Role-based Access Control

In Kubernetes, granting roles to a user or an application-specific service account is a best practice to ensure that your application is operating in the scope that you have specified. Read more about service account permissions in the official Kubernetes docs.

From Kubernetes 1.6 onwards, Role-based Access Control is enabled by default. RBAC allows you to specify which types of actions are permitted depending on the user and their role in your organization.

With RBAC, you can

  • grant privileged operations (creating cluster-wide resources, like new roles) to administrators
  • limit a user’s ability to create resources (pods, persistent volumes, deployments) to specific namespaces, or in cluster-wide scopes (resource quotas, roles, custom resource definitions)
  • limit a user’s ability to view resources either in specific namespaces or at a cluster-wide scope.

This guide is for administrators who want to restrict the scope of a user’s interaction with the Kubernetes API.

Managing user accounts

All Kubernetes clusters have two categories of users: service accounts managed by Kubernetes, and normal users.

Normal users are assumed to be managed by an outside, independent service. An administrator distributing private keys, a user store like Keystone or Google Accounts, even a file with a list of usernames and passwords. In this regard, Kubernetes does not have objects which represent normal user accounts. Normal users cannot be added to a cluster through an API call.
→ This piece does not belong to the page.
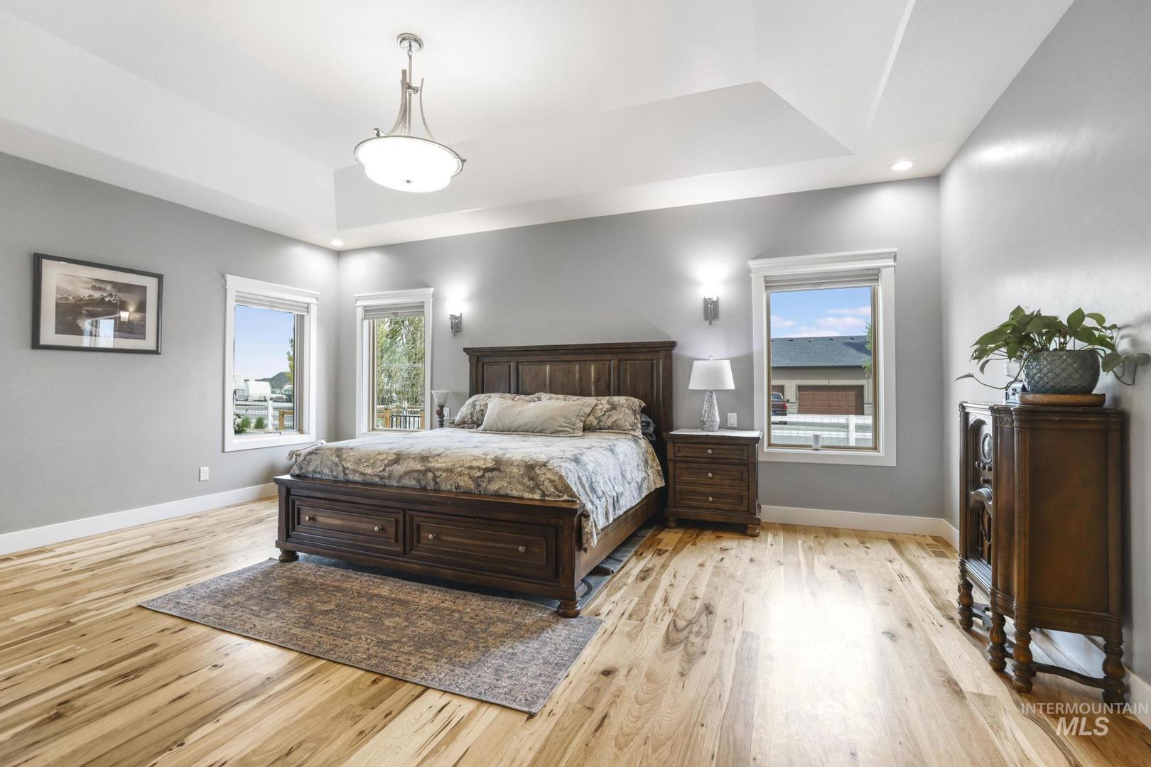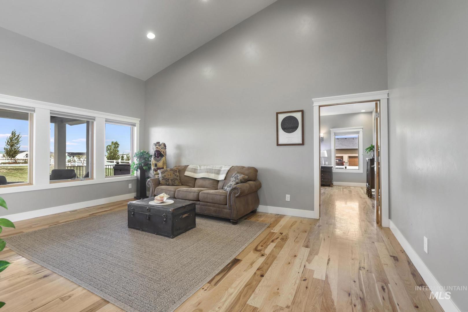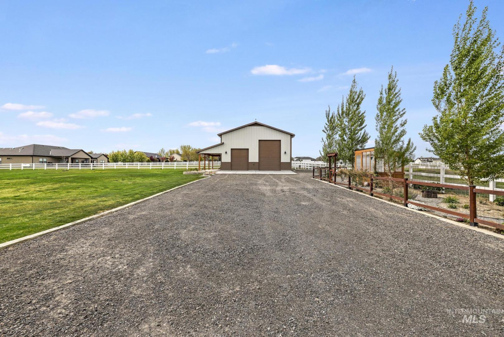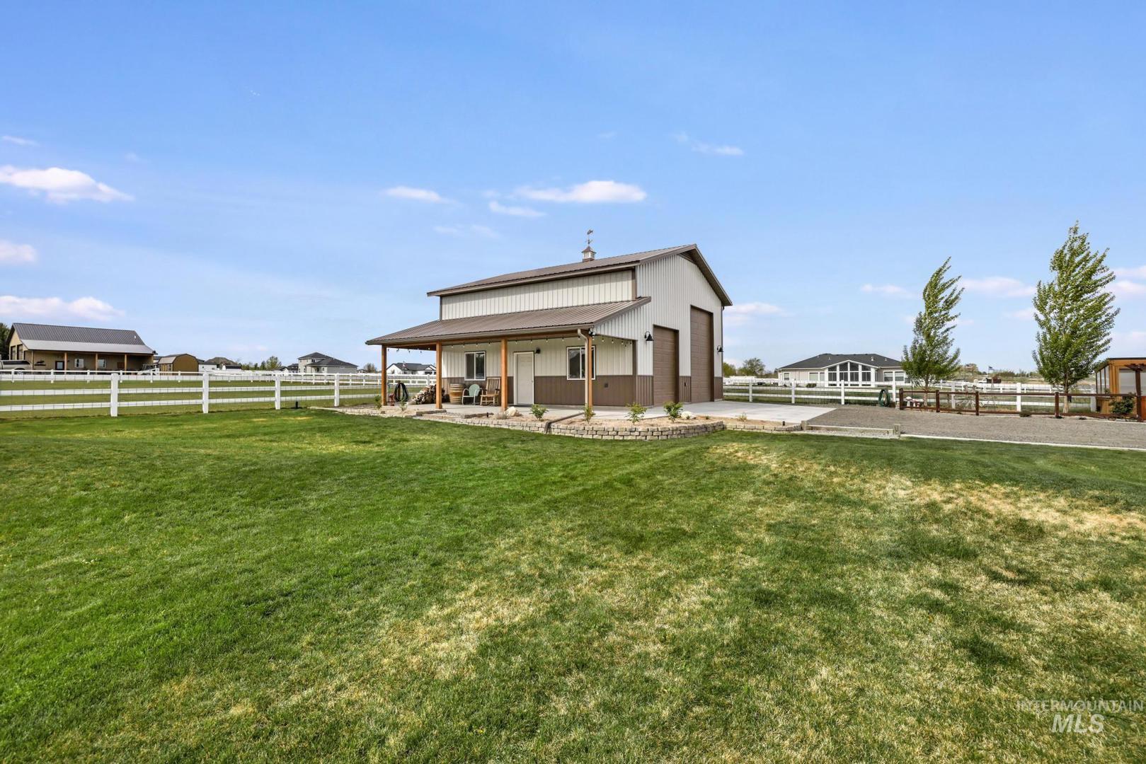 Country comfort meets everyday luxury on this beautiful 1-acre corner property featuring a 4-bedroom, 2.5-bath home, 3-car garage, and a fantastic fully finished 34` x 34` SHOP! Built in 2013, this home is filled with warmth and character, from vaulted ceilings and rich hickory floors, doors, and soft-close cabinetry to granite countertops, Pella windows, a tankless water heater, central vacuum. Retreat to the cozy master suite and enjoy the upscale soaker tub, walk in multi head shower and heated floors! Step out back to a west-facing patio where evenings are made for taking in Idaho sunsets, all within a fully vinyl-fenced yard. A new greenhouse adds charm and function, while the Dog Watch wireless fence offers added peace of mind for pets. New sprinkler system and well pump for no worries maintenance. With space to live, work, create, and unwind, this property delivers the kind of country lifestyle that just feels right.

In contrast, service accounts are users managed by the Kubernetes API. They are bound to specific namespaces, and created automatically by the API server or manually through API calls. Service accounts are tied to a set of credentials stored as Secrets, which are mounted into pods allowing in-cluster processes to talk to the Kubernetes API.

API requests are tied to either a normal user or a service account, or are treated as anonymous requests. This means every process inside or outside the cluster, from a human user typing kubectl on a workstation, to kubelets on nodes, to members of the control plane, must authenticate when making requests to the API server, or be treated as an anonymous user.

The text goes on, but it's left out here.